Since first described by Adams, Fisher, and Hakim in 1965, normal pressure hydrocephalus (NPH) has mainly been diagnosed clinically.[1] Because the clinical features of NPH overlap with other types of dementia, imaging has been used to strengthen the diagnosis in uncertain cases. Different imaging modalities have also been used to help provide any potentially useful prognostic information (i.e., Will my patient benefit from shunting?). The different modalities are associated with different degrees of usefulness in the diagnosis of this disorder; some are better and some are worse than the clinical evaluation. Much research has focused on developing a useful, noninvasive prognostic test so that patients could be spared the complications associated with surgical shunting that might later prove fruitless.
There have been numerous attempts to solve this diagnostic and prognostic dilemma with various modalities, [6,7,16,24,56] and there is no consensus about which tests work and how reliable they are. For every citation touting the usefulness of a technique, another can be found in contradiction. The most recent attempts using phasecontrast magnetic resonance (MR) imaging of the cerebral aqueduct seem to hold the greatest promise.

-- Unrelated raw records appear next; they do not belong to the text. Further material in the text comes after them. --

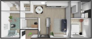 Obtenha capacidade extra instantânea adicionando quartos separados independentes ou Ilhas de quartos. Os acabamentos podem ser selecionados para combinar com cada ambiente de alojamento.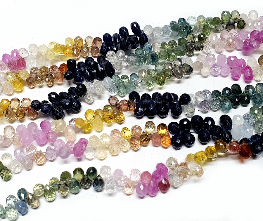 Saphir multi Kettenstrang Pampel facettiert A-Qualität ca. 3-4 x 5-6 mm / ca. 40 cm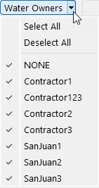 – Water Owners: Similarly, accounts can be filtered by the Water Owners defined in the model, including the default NONE water owner. Use the menu option to select or deselect the desired Water Owners.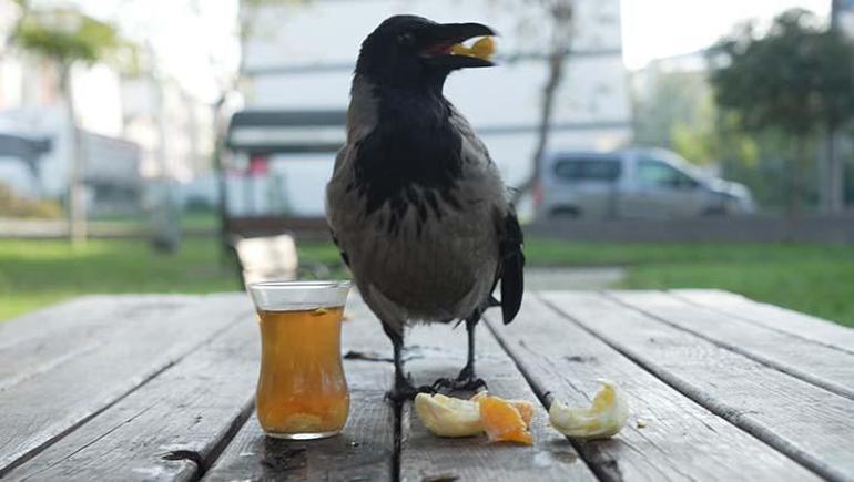 OTOBÜS KAPTANININ ‘GURME’ KARGASI ORGANİK GIDALARI SEVİYOR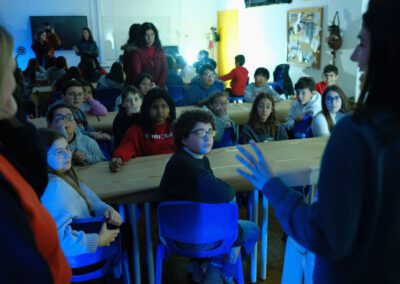 A ESCOLA RIO é um programa do coletivo Guarda Rios direcionado a agrupamentos escolares, associações de pais, público infanto-juvenil, onde através de dinâmicas sensoriais e experiências plásticas, se abordam questões relacionadas com a água, rios e ecossistemas.
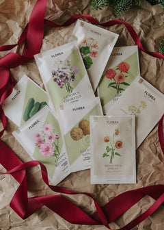 Inside this box are eight carefully chosen varieties, a mix of edible plants and flowers that can be sown directly into the soil. Here you’ll find soft white sunflowers, apricot zinnias and summer phlox in delicate buff tones. Pink cosmos and nasturtiums spread freely and beautifully together with crisp cucumbers and fragrant sweet peas.The seeds are beautifully packed in a gift box that awakens the joy of growing from the very first moment. A warm and inspiring Christmas gift for someone who wants to fill their summer with both blooms and flavors from their own garden.Included in the box:1 x Nasturtium – Double Salmon Gleam1 x Sunflower – White Sun1 x Zinnia – Oklahoma Salmon1 x Phlox - Isabellina1 x Cucumber – Lemon1 x Sweet Pea – Sicilian Sunset1 x Cucumber – Iznik F11 x Cosmos – Double Click Bicolour Pink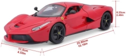 Este modelo del FERRARI LaFerrari a escala 1:18 de la marca Bburago, fabricado con gran precisión, destaca por los detalles de la carrocería y del interior. Gracias a la combinación de piezas metálicas y de plástico, el modelo luce auténtico y a la vez es resistente para su exhibición habitual y un juego cuidadoso.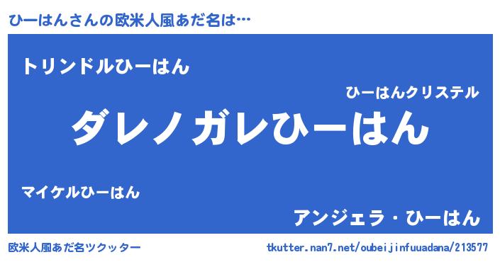 | 意味不明あだ名 | 『住所不定無職ひーはん(43歳)』 |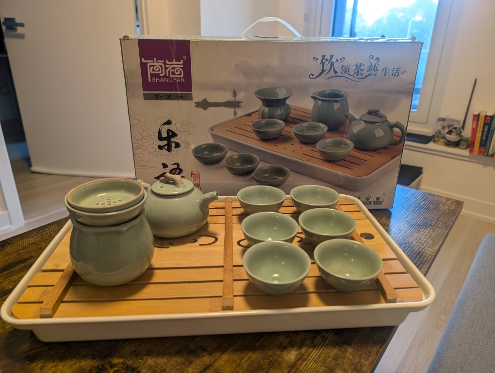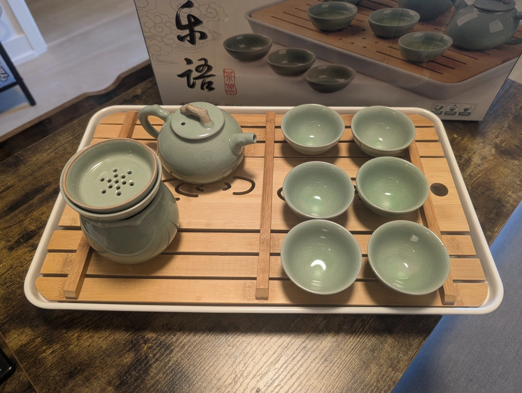 Includes several small cups, a tea pot, and a server. Set also includes a wooden tray. Great for enjoying a relaxing cup of tea in the afternoon. Brand new - never been used.

This technique, however, like all others, is not without critics. This article reviews the numerous methods still used (both the seemingly outdated and newest techniques) for diagnosis and prognosis. Imaging evaluations no longer used, such as pneumoencephalography and angiography, are not discussed.

Cisternography

One of the first imaging modalities used in the evaluation of NPH was radionuclide cisternography. It involves injecting a radionuclide into the lumbar cerebrospinal fluid (CSF) followed by serial imaging of the brain. The major finding consistent with NPH is early ventricular reflux of the radionuclide, which persists over time (Fig. 1). The persistence of ventricular activity is the major feature that discriminates NPH from cerebral atrophy. The latter occasionally demonstrates transient reflux that does not persist beyond 24 hours (with rare exceptions). Various scoring systems have been devised based on the duration and amount of ventricular reflux as well as on the lack of radionuclide flow over the cerebral convexities, the other major finding in NPH.[5,25,29,47] Early research claimed that this examination was highly sensitive for the diagnosis of NPH and that it was also a good predictor of shunt responsiveness, particularly when using a more quantitative analysis.[37] Current research disputes this claim, finding the examination no more sensitive than clinical criteria for the diagnosis of NPH and of little prognostic value before treatment.[55] Nonetheless, the examination continues to be used, likely because it is easy to perform and familiar to referring clinicians.

Cerebral Perfusion

Cerebral perfusion has been studied extensively with nuclear medicine techniques. When compared to age-matched controls, patients with NPH tend to show decreased cerebral blood flow (CBF), another distinguishing characteristic.[31,34] Cerebral perfusion, however, is also decreased in patients with cerebral atrophy. It can be difficult, if not impossible, to distinguish the two conditions using these techniques.[36,58]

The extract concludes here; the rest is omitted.